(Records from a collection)
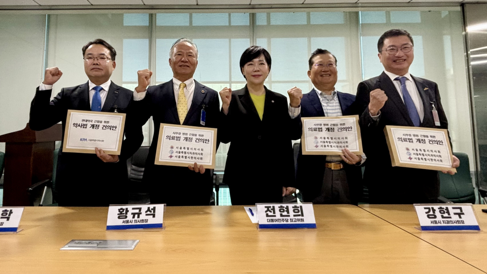 서울시의사회는 22일 오전 서울특별시치과의사회·서울특별시한의사회·서울특별시약사회와 함께 국회의원회관에서 전현희 의원(더불어민주당 수석최고위원)을 만나 간담회를 열고, ‘의료법·약사법 일부개정법률안 제안서’를 전달했다.
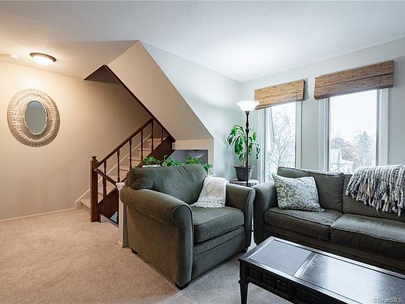 Rarely On Market! Tastefully Updated with NEW Carpet Throughout! This Open Layout 2 Bedroom, 1.5 Bath Townhouse has a Surprisingly Spacious Floorplan! Large Family Room Opens to Clean Tiled Kitchen with Stainless Appliances, Separate Dining Space has Sliders to Deck which Backs Up to Private Wooded Area, Half Bath and Pantry Complete the Main Level, Upstairs 2 Generous Bedrooms and Full Bath with Tub/Shower has access directly from Master and Hall, Master also has Slider to Charming Balcony, New Front Storm Door, Newer Hot Water Heater, Central Air, Lower Level Unfinished but Usable for Recreation and Storage, Lower Level Laundry, One Car Attached Garage, Wonderful Location Close to all You Need Including Shopping, Highways, Hospital, Schools, Parks/Trails and More! Quiet Area and Incredible Value! Hurry!
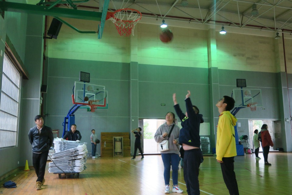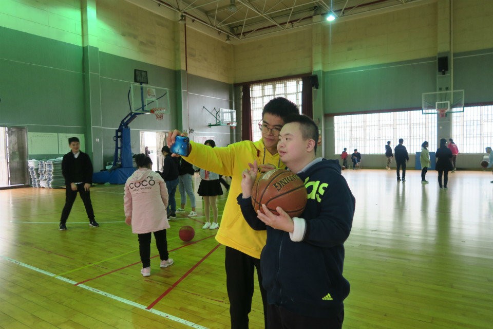 首先进行的是活动准备工作,教练带领唐氏宝宝们做热身运动,以减少接下来运动过程中的损伤。随后,每两位志愿者带领一位唐氏宝宝,一对一传授篮球技巧,从理论到实践,引导唐氏宝宝初步认识篮球运动。考虑到唐氏宝宝身体的特殊性,志愿者们关注唐氏宝宝的身体状况,控制运动时间,逐渐降低运动强度。休息时间,唐氏宝宝为大家表演即兴舞蹈,以表达对志愿者们的感谢。在志愿者们的帮助下,唐氏宝宝们进行了一场篮球表演赛,轮流上场在运球,投篮两个部分展示篮球学习成果,获得陪同老师的称赞。活动最后,志愿者们合影留念。
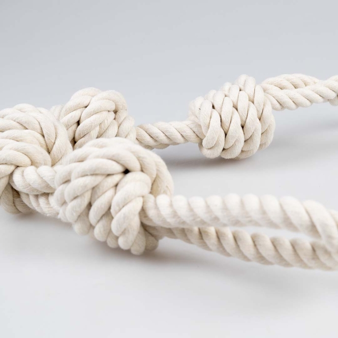 Der duvoplus Baumwollknoten ist das ideale Spielzeug für Hunde, die gerne toben und kauen! Hergestellt aus 100% natürlicher Baumwolle und völlig frei von chemischen Behandlungen, ist dieses Spielzeug sicher und gesund für deinen Vierbeiner. Beim Kauen unterstützt der robuste Knoten zudem die Pflege von Zähnen und Zahnfleisch. Perfekt für herausfordernde Zerrspiele.
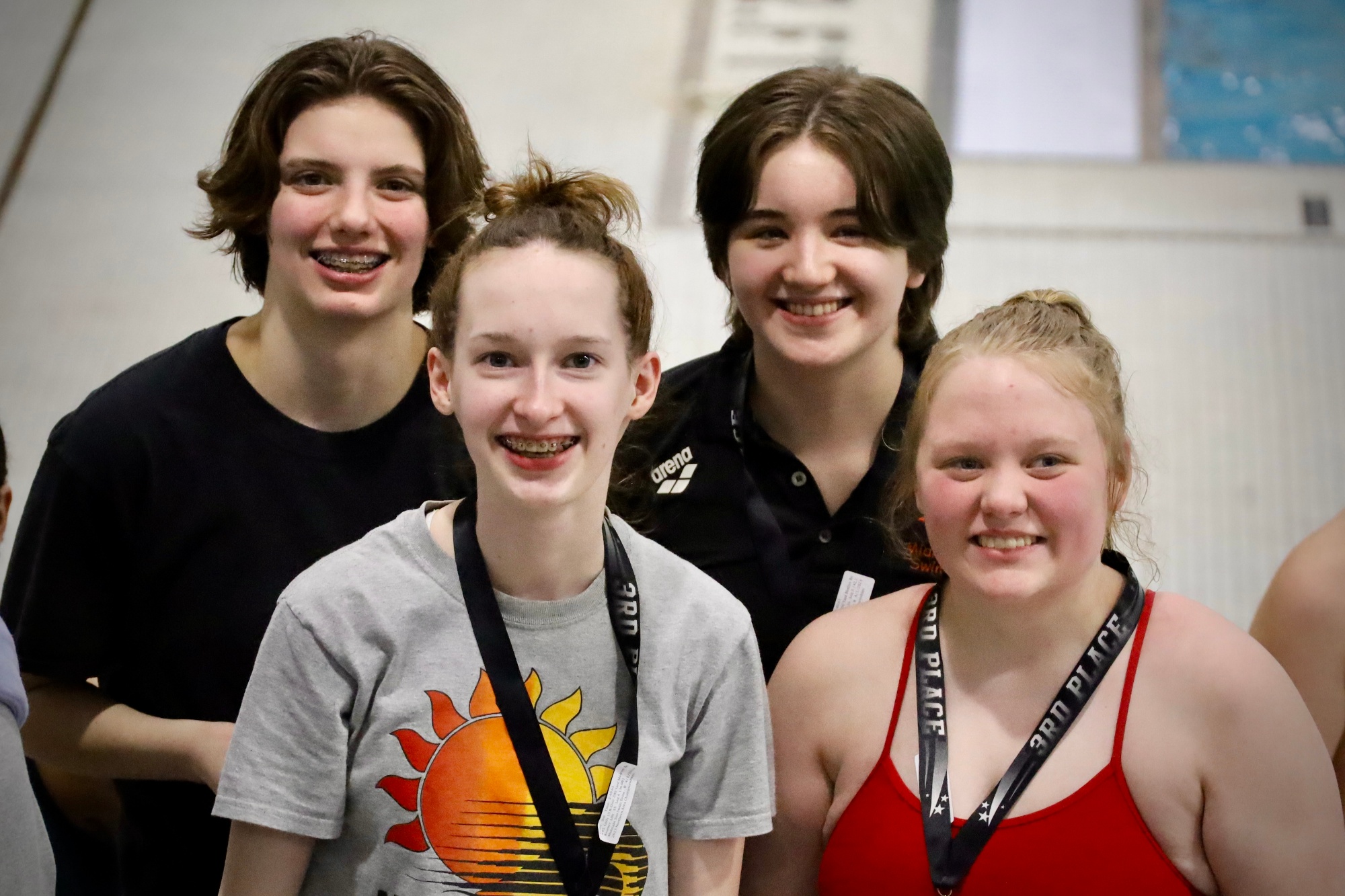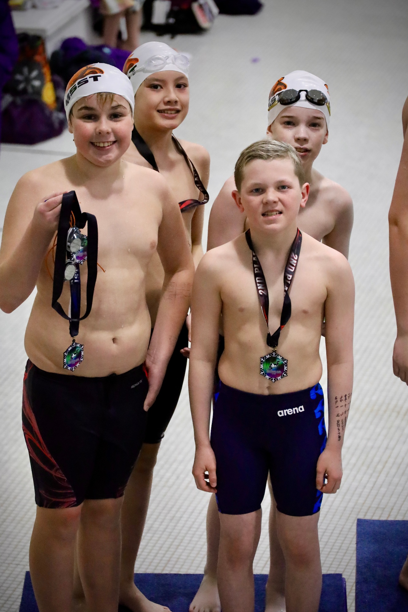 Midnight Sun Swim Team training group structure is outlined below. The goals of the overall program are to develop senior bound and lifelong swimmers from a young age, putting all swimmers in the position to swim in college if they so choose. Technique and great form as well as having fun in the pool are the major emphases in the beginning levels of the program to lay a great foundation for their swimming careers. Performance at meets is the primary driving goal in the later groups. The program is designed to have a group for every ability swimmer from novice to advanced. Athletes are introduced to new training focuses, challenges, and learning topics at each level and earn their promotions to the next tiered group. Education and fun are as much of an emphasis on each athlete as training is throughout their swimming career.

- [What needs to be done]: All of the records above must be copied exactly, except for the pictures.

- [Exercise solution]:
 서울시의사회는 22일 오전 서울특별시치과의사회·서울특별시한의사회·서울특별시약사회와 함께 국회의원회관에서 전현희 의원(더불어민주당 수석최고위원)을 만나 간담회를 열고, ‘의료법·약사법 일부개정법률안 제안서’를 전달했다.
 Rarely On Market! Tastefully Updated with NEW Carpet Throughout! This Open Layout 2 Bedroom, 1.5 Bath Townhouse has a Surprisingly Spacious Floorplan! Large Family Room Opens to Clean Tiled Kitchen with Stainless Appliances, Separate Dining Space has Sliders to Deck which Backs Up to Private Wooded Area, Half Bath and Pantry Complete the Main Level, Upstairs 2 Generous Bedrooms and Full Bath with Tub/Shower has access directly from Master and Hall, Master also has Slider to Charming Balcony, New Front Storm Door, Newer Hot Water Heater, Central Air, Lower Level Unfinished but Usable for Recreation and Storage, Lower Level Laundry, One Car Attached Garage, Wonderful Location Close to all You Need Including Shopping, Highways, Hospital, Schools, Parks/Trails and More! Quiet Area and Incredible Value! Hurry!
 首先进行的是活动准备工作,教练带领唐氏宝宝们做热身运动,以减少接下来运动过程中的损伤。随后,每两位志愿者带领一位唐氏宝宝,一对一传授篮球技巧,从理论到实践,引导唐氏宝宝初步认识篮球运动。考虑到唐氏宝宝身体的特殊性,志愿者们关注唐氏宝宝的身体状况,控制运动时间,逐渐降低运动强度。休息时间,唐氏宝宝为大家表演即兴舞蹈,以表达对志愿者们的感谢。在志愿者们的帮助下,唐氏宝宝们进行了一场篮球表演赛,轮流上场在运球,投篮两个部分展示篮球学习成果,获得陪同老师的称赞。活动最后,志愿者们合影留念。
 Der duvoplus Baumwollknoten ist das ideale Spielzeug für Hunde, die gerne toben und kauen! Hergestellt aus 100% natürlicher Baumwolle und völlig frei von chemischen Behandlungen, ist dieses Spielzeug sicher und gesund für deinen Vierbeiner. Beim Kauen unterstützt der robuste Knoten zudem die Pflege von Zähnen und Zahnfleisch. Perfekt für herausfordernde Zerrspiele.
 Midnight Sun Swim Team training group structure is outlined below. The goals of the overall program are to develop senior bound and lifelong swimmers from a young age, putting all swimmers in the position to swim in college if they so choose. Technique and great form as well as having fun in the pool are the major emphases in the beginning levels of the program to lay a great foundation for their swimming careers. Performance at meets is the primary driving goal in the later groups. The program is designed to have a group for every ability swimmer from novice to advanced. Athletes are introduced to new training focuses, challenges, and learning topics at each level and earn their promotions to the next tiered group. Education and fun are as much of an emphasis on each athlete as training is throughout their swimming career.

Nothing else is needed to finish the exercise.